It has been a glorious weekend, three nights off in a row for the first time in probably nine months of endless continuous overtime. Mostly I slept. I spent Saturday and Sunday getting up and going to bed with a little light eating and dog walking inbetween. And then I slept some more.
Which also meant Cheyenne, now fully recovered from what appeared to be a snake bite, decided it was time for a pre-dawn walk. The Labrador commands and I obey.
Sometimes the evocative nature of Key West streets by night gets over ridden by the weird decorating styles I come across. I am not certain why this Festivus pole was illuminated, or even why it was planted next to the leafy tree, but it was and it was brightly illuminated.
Cheyenne's impatience with my photographic meandering also leads occasionally to some light and motion studies. It was cool and breezy and the elderly, and the formerly almost deceased Labrador pulled a Lazarus on me and was dragging my by the leash such was her hurry.
Aside from the occasional car shooting past the intersections there was no sign of human activity anywhere. Someone asked on Facebook recently on one of those re-post things what would you do upon discovering you were the last human left on Earth.
Breathe a sigh of relief and walk the last domesticated dogs in the silence, I replied. I do my best to recreate those circumstances any pre-dawn walk, with more or less success.
The first sign of life was the beach clean-up machine, the closest local kids will get to seeing an agricultural tractor in action. It tows a trailer with a rake arrangement and sweeps up the dead seaweed and human trash and leaves the sand ribbed like a Japanese ornamental garden.
Higgs Beach parking lot collects debris rather in the manner in which the beach collects dead seaweed, only this lot are van residents, and car campers who drift in to the city from a night spent who knows where and they sit in their cars like hermit crabs in their shells and stare at the beach through their windshields as though afraid of getting too close to Nature.
I imitate them by observing nature through the lense of my Android camera.
As the sun rises dogs appear and if you want to know how to avoid conversing with your fellow humans, try walking a dog. People are utterly terrified of letting their dogs get anywhere close to your dog. Some look mournfully at my dog and ask if she is friendly, to which I reply not really, at which they recoil before I manage to explain that Cheyenne is indifferent to canine contact for the most part. Not friendly, not aggressive, just uncaring. By then the worry warts are long gone.
Sometimes I say actually Cheyenne is a Navy reject military dog. They were training her alongside dolphin to kill and maim large swathes of people, and they laugh with me at my carefully disguised attack Lab, mooning around sniffing sidewalks and tree trunks.

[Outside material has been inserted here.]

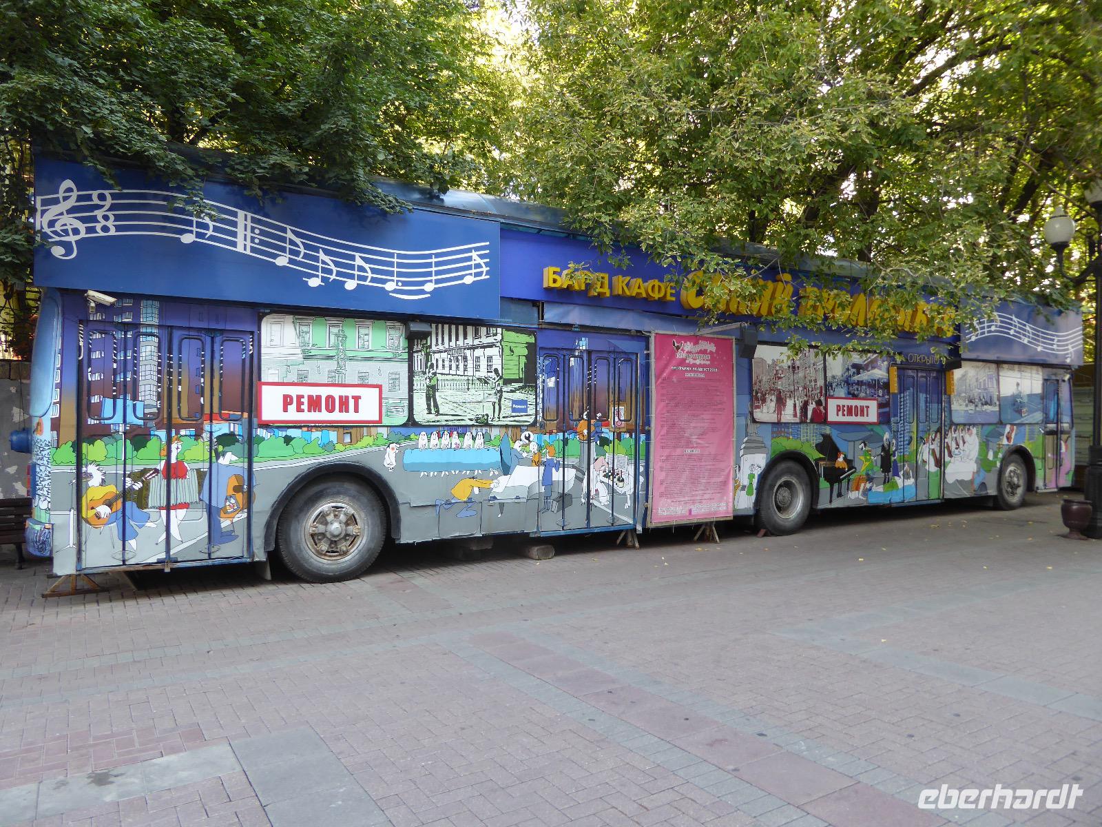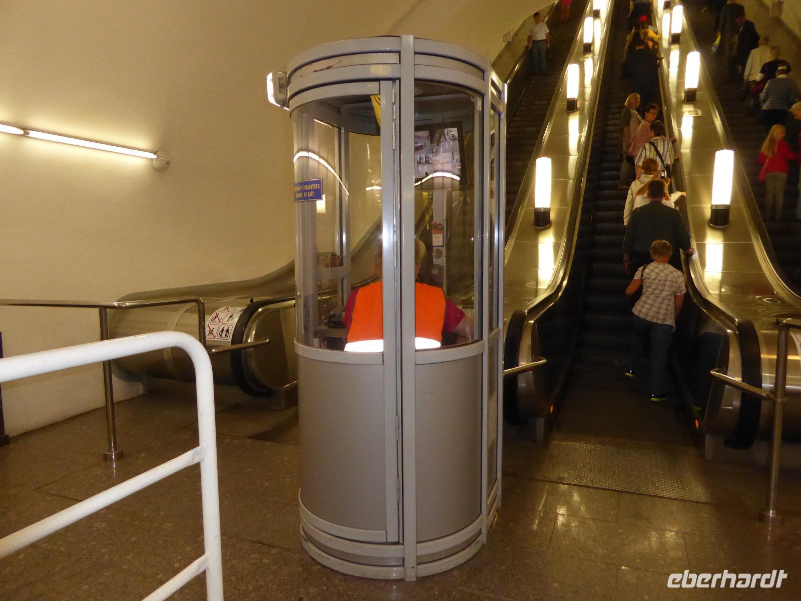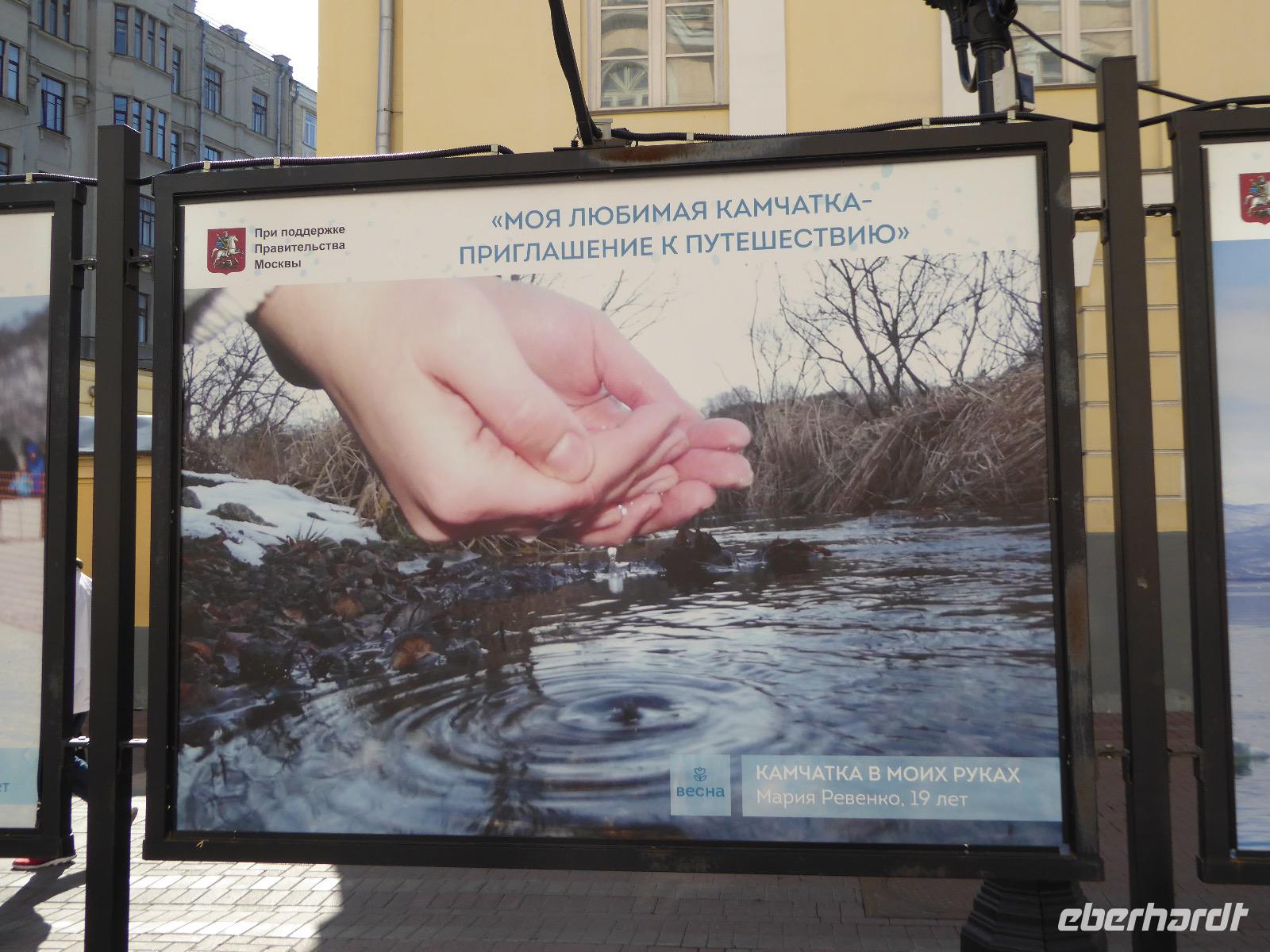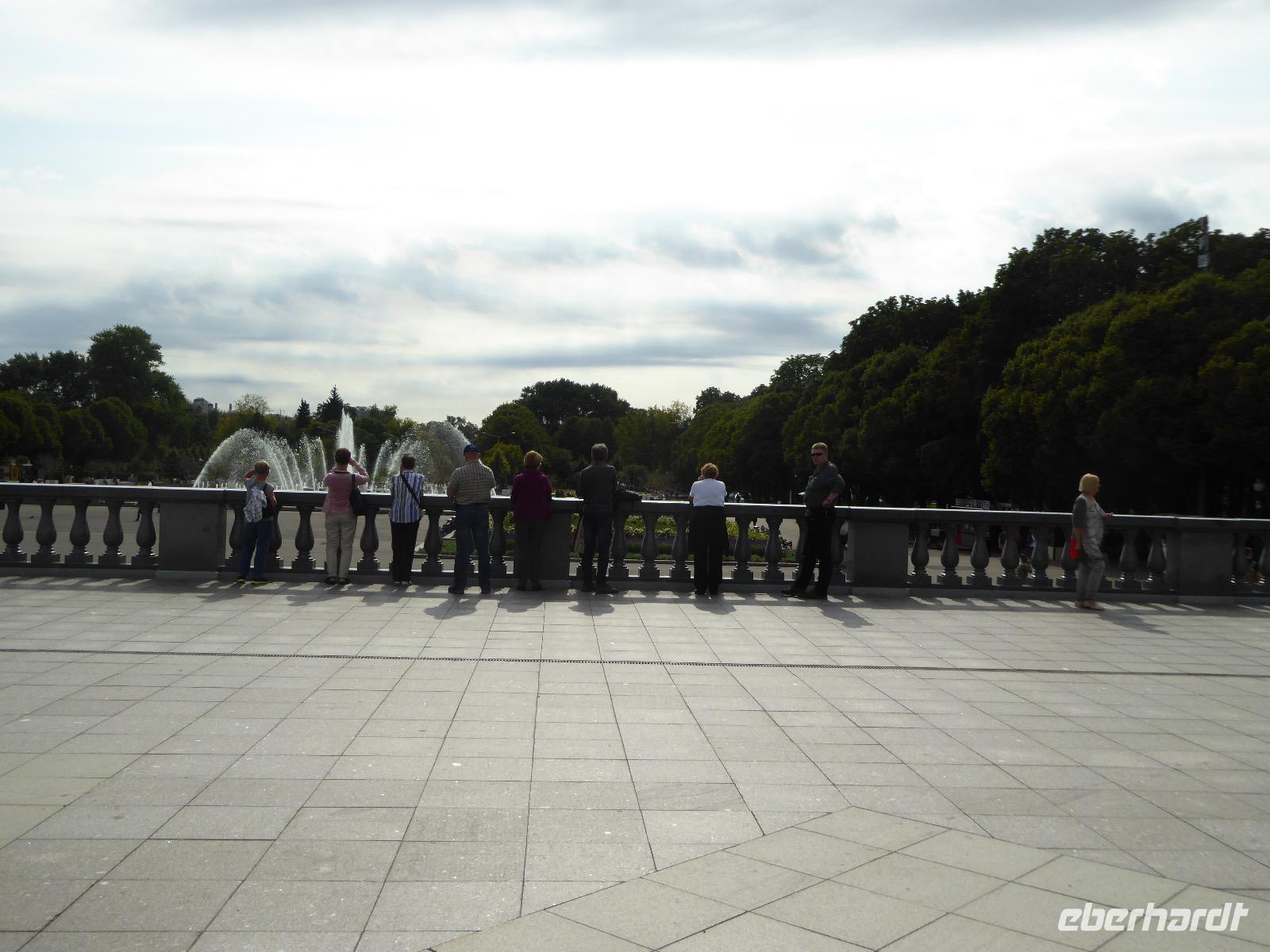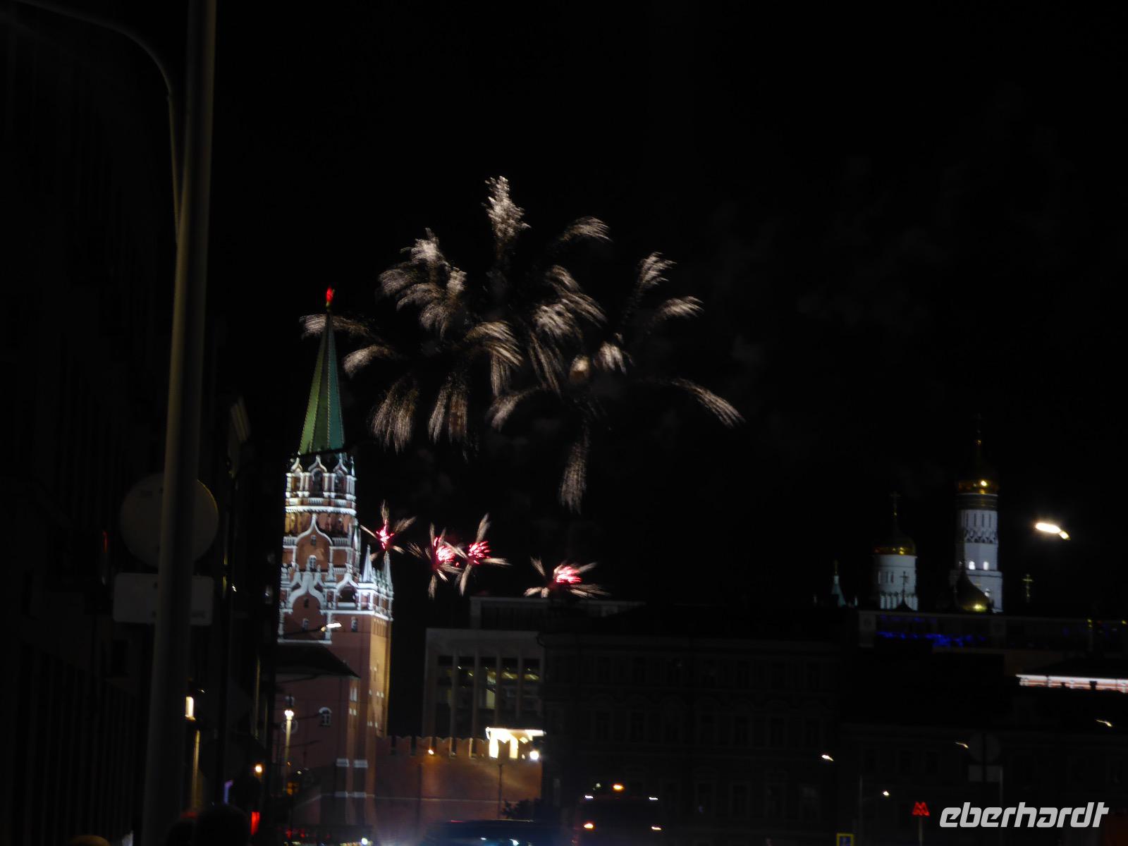 Der Tag beginnt mit einem gemütlichen Frühstück, gefolgt von einem Spaziergang zum Neuen Arbat. Wir erobern Moskau zu Fuß. Vorbei an hohen Wohnhäusern zwischen denen sich eine kleine Kirche mit grünen Zwiebelchen duckt, geht es bei schönstem Sonnenschein durch die Stadt. Hier eine bemalte Wand, dort ein blumengeschmückter Bogen, ein Souvenirgeschäft am anderen lockt uns, aber Valentina treibt uns an. Sie hat viel vor mit uns. Nun geht es in den Untergrund. Valentina hat die Fahrkarten gekauft und schleust uns durch die Schranke. Mit der Rolltreppe geht es steil Berg ab. Valentina ruft uns laut zu, wieviele Stationen wir fahren und wann wir wieder aussteigen müssen. Ein U-Bahnhof ist schöner als der andere. Ein Traum für jedes Fotografenherz. Irgendwann fahren wir wieder mit der Rolltreppe steil bergauf und sind in der Nähe vom Roten Platz. Wir spazieren durch das GUM, das allseits bekannte Kaufhaus Moskaus. Selbst die Toilette lädt zum Fotografieren ein. Der Rote Platz ist gesperrt. Es findet derzeit ein Musikfestival statt und große Tribühnen sind aufgebaut. So können wir Kreml und Basiliuskathedrale nur von Weitem bewundern. Valentina scheucht uns durch das Auferstehungstor Richtung Wachablösung, die wir auch pünktlich erreichen. Weiter geht es zum Pferdespringbrunnen am Alexandergarten und zum Mittagessen in einem ukrainischen Restaurant. Das Essen schmeckt hervorragend, wenn auch der schmucke Kellner nicht bereit ist, sich für unsere Fotoalben ablichten zu lassen. Am Nachmittag bewundern wir die Stadt noch einmal von der Wasserseite aus. Eine Schifffahrt auf der Moskwa rundet den Tag ab. Noch einmal wird der Tisch für uns reichlich gedeckt und dann fahren wir mit der Bahn zum Flughafen. So vermeiden wir es, in den Feierabendstau zu geraten und gemütlich ist es auch. Am Flughafen verabschieden wir uns von Valentina. Über Nacht fliegen wir nach Irkutsk. Baikalsee - wir kommen.

Someone had a day off and decided to spend it putting coconuts in a large peace symbol on the beach. If pressed I dare say I'd have no idea how to spend my time more fruitfully. Walking around with a metal detector is not on my list of preferred hobbies. Besides I think to be good at that you'd want to go off the beaten path and seek out something more interesting than lost dentures and stray bottle caps in the sand.
And here, in front of the fine Salute Restaurant we have a combination of birds, locals in white stepping with dignity and in silence. The two black incomers tear up dirt and spread it everywhere, they make noise and shout aggressively.
I know which insect mauling birds I'd rather have poking around my front yard:
Done, finished and ready for breakfast.
The attack Lab in stealth mode, waiting for her prey, preferably baked fried or grilled.